Logo des Internationalen Richard-Wagner-Verbands Logo des Richard Wagner-Verbands Köln - Noten vom Beginn des Vorspiels zu Tristan und Isolde

Richard Wagner-Verband Köln e.V.

Stipendiaten 2009


v.l.n.r.: Franziska Hösli, Theresia Renelt, Andrés Felipe Orozco Martinez, Angelica Böttcher, Jesko Sirvend und Susanne Niebling

Vor dem Festspielhaus in Bayreuth - v.l.n.r.: Franziska Hösli, Theresia Renelt, Andrés Felipe Orozco Martinez, Angelica Böttcher, Jesko Sirvend und Susanne Niebling

Die folgenden Angaben beziehen sich auf den Zeitraum bis zum Jahr des Stipendiats. Der weitere Werdegang ist nicht berücksichtigt.

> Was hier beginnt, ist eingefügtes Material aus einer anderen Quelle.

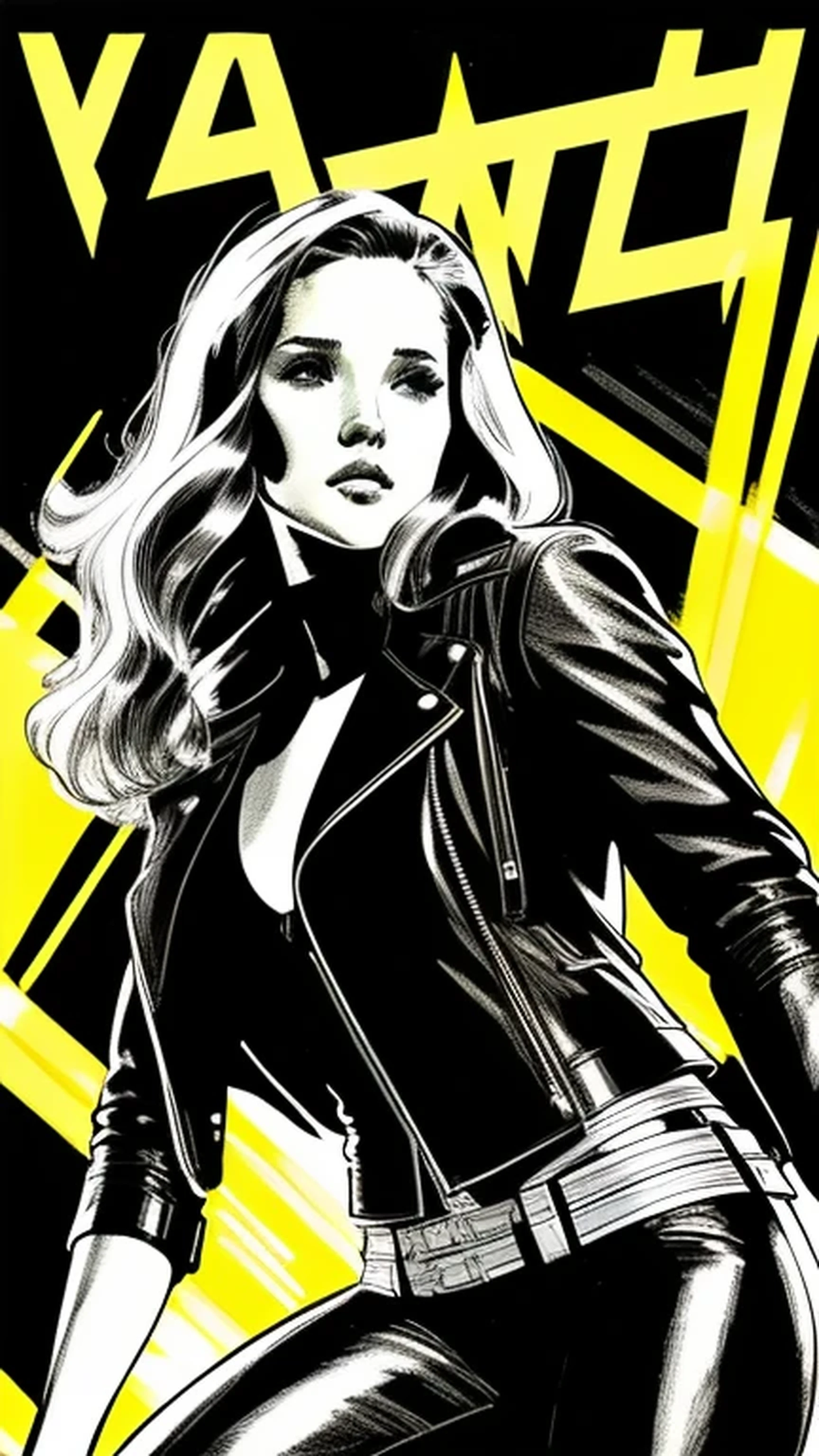 Yellow ink sketch, Jessica Alba in leather jacket, Figurative, Minimalism, Sunburst yellow, Under lit, Sean Gordon Murphy, Illustration, film noir, stunningly beautiful

Angelica Böttcher, Mezzosopran, geboren in Pinneberg bei Hamburg, studierte von 2000 bis 2001 Musikwissenschaften an der Universität Hamburg und wechselte Ende 2001 an die Musikhochschule "Carl Maria von Weber" in Dresden, um bei Prof. Christiane Junghanns ihr Gesangsstudium aufzunehmen. Noch in 2000 debütierte sie in dem Musiktheaterstück Weill Fieber - die Revue des Theaters NN – Kulturbahnhof Hamburg-Altona – in der Rolle der „Dame mit Täschchen“ unter der Regie von Dieter Seidel. Neben ihrer regen Konzerttätigkeit ab 2002 – u. a. in der Dresdener Kreuzkirche die Altpartie in der Messe C-Dur von Beethoven unter Leitung von Wolfgang Behrend, in der Frauen-Kirche sowie im Bautzener Dom – absolvierte sie in 2004 ein Praktikum am Teatro Lirico Sperimentale "A. Belli" in Spoleto (Italien). Bei den Schlesischen Musikfesten im Juni 2005 sang sie die solistische Altpartie des Oratoriums Der Mensch, das Spiel der Zeit von Heino Schubert mit der Philharmonie Breslau unter der musikalischen Leitung von Stanislaw Rybarczyk. Es folgte Anfang 2006 die Mitwirkung in der Rolle der Dorabella im Mozart-Pasticcio der Musikhochschule Dresden. Anläßlich des Eröffnungs-Konzertes zum 150. Jubiläum der Musikhochschule Dresden sang sie im Februar 2006 die Partie der Fatime in der konzertanten Aufführung der Oper Oberon in der Semperoper unter der Leitung von Prof. Ekkehard Klemm. Im September 2006 folgte ein Engagement bei der Ruhr-Triennale in der Uraufführung des Musiktheaterstücks Rubens und das nicht-euklidische Weib von Peter Esterházy unter der Regie von Philipp Stölzl und dem Orchester Musica-Antiqua Köln. Im März 2007 belegte sie den 3. Platz bei dem Wettbewerb der Schloßoper Haldenstein für die Rolle der Marcellina in Le Nozze di Figaro. Im Oktober 2006 setzte Angelica Böttcher ihr Gesangsstudium an der Kölner Musikhochschule fort, wo sie im Februar 2008 ihr Gesangsdiplom in der Klasse von Herrn Prof. Leyhe absolvierte und in mehreren Hochschulproduktionen, z. B. als Gräfin in Wildschütz im Februar 2007 oder als Mrs. Herring in Benjamin Brittens Albert Herring im Januar 2008 mitwirkte. Seit März 2008 studiert sie bei Frau Prof. Klesie Kelly-Moog Gesang im Konzertexamen. Bis Juni 2008 war sie Mitglied des Opernstudios Köln.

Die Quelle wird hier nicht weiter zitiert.